With no where to go but forward, I planted my right foot where the left foot shouldn't have gone in the first place. When I began to slide again, both feet tried to move at the same time - one afraid to go into the water, one desperate to get out, and with arms pinwheeling, my feet went their separate ways. With all balance lost, the right foot took one for the team and joined its brother in the velvety goo of the river bottom.
Once secure on a drier bank, my right foot dug in, and with two heaves and a lost shoe later, the left came free with more momentum than I had expected, and in a headlong rush to higher ground, I scrambled up the bank with both hands, with my camera swinging from its strap and thumping against my chest.
And then I felt something squirt out from under my hand.
It was fox dung. I kid you not. It was wet, warm, suspiciously carnivorous in nature, and well positioned for calamity.
Not to be outdone by Ma Nature, I washed my hands, stripped off my bucket-shoes and peeled off my socks (laying them far away from the dung), then I rolled up the old jean cuffs to my knees, and I sallied forth into the river like Huckleberry Finn.

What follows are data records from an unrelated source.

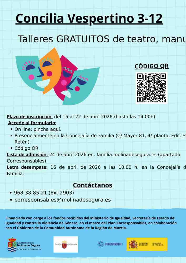 La Concejalía de Familia informa que, del 15 al 22 de abril, las familias pueden pedir plaza en los programas de conciliación en Molina de Segura denominados «Corresponsables hasta 16» y «Concilia Vespertino 3-12». Ambos proyectos están financiados por el Ministerio de Igualdad, a través de la Secretaría de Estado de Igualdad y contra la Violencia de Género, en colaboración con el Gobierno de la Región de Murcia. Su objetivo es ofrecer espacios de respiro familiar y facilitar el cuidado de los hijos.
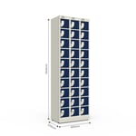Com 30 compartimentos individuais, este armário é amplamente utilizado na indústria, principalmente para guardar itens de higiene pessoal em banheiros. Além disso, acomoda com eficiência celulares, carteiras e objetos de valor, contribuindo para um ambiente mais organizado e seguro.
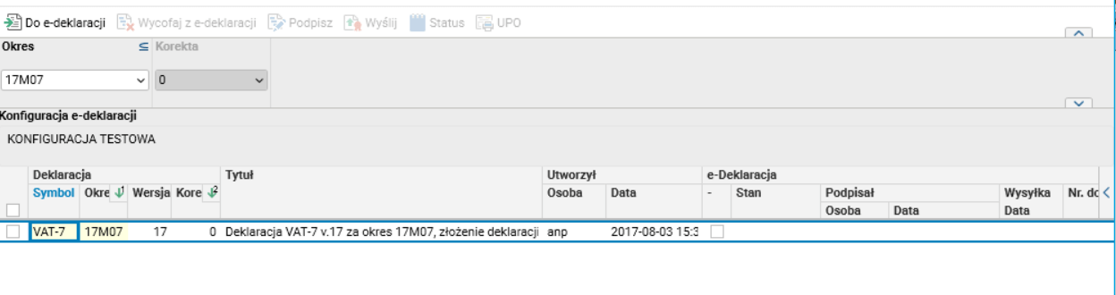 Przygotowano nowy mechanizm generowania deklaracji VAT-7. Wygenerowana deklaracja dostępna jest w słowniku podobnie jak deklaracja VAT-UE. Tak przygotowaną deklarację można podejrzeć, zmodyfikować, można dokonać jej walidacji i przesłać ją do słownika e-Deklaracje.
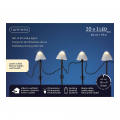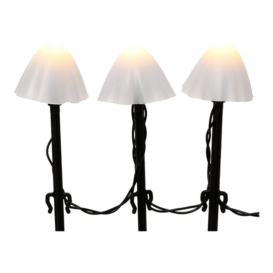 Estaca led con forma de seta con 8 funciones para exterior 491762 juego de 20 unidades con pinzas. cable de color negro , distancia entre estacas 20cm. 8 funciones de destello. color del led: blanco cálido. tamaño del led: 5mm. longitud del cable de conexión 30cm. número de baterías 3. número de bombillas 20. tipo de alimentación batería.temporizador: 6 horas. tipo de batería aa. horas de funcionamiento 48 horas
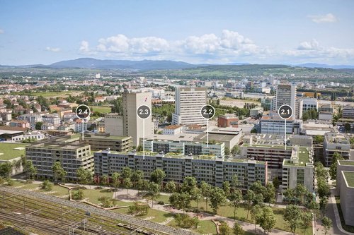 Im Gebäude 2.1 liegen die frei unterteilbaren Büroflächen mit insgesamt rund 2100m2 Geschossfläche. Diese sind unterteilbar von ca. 312m2 an aufwärts – Die Flächen werden im Grundausbau vermietet, sprich Rohbau plus Toilettenanlagen. Die technischen Leistungen wie Lüftung und Kühlung sind bis an die Mietfläche geführt. Sehr gerne unterstützen wir Sie in Ihrem Ausbauprojekt.

Except Huck made it look easy. I looked like the world's worst tight rope walker, and every time a rock dug into my pampered sole, I'd stoop forward and reach for something to catch me - which is a really dumb thing to do when you're in the middle of a river and there's nothing but water under you.
But it was worth it.
Breathing in bird song and clover-sweetened air, I hung out in the middle of the stream for a while. It was a strange sensation: the water was so warm, I didn't feel wet. Work was a bad dream half-remembered from years ago. Writing could wait. For a moment, I had the world to myself, and time had stopped.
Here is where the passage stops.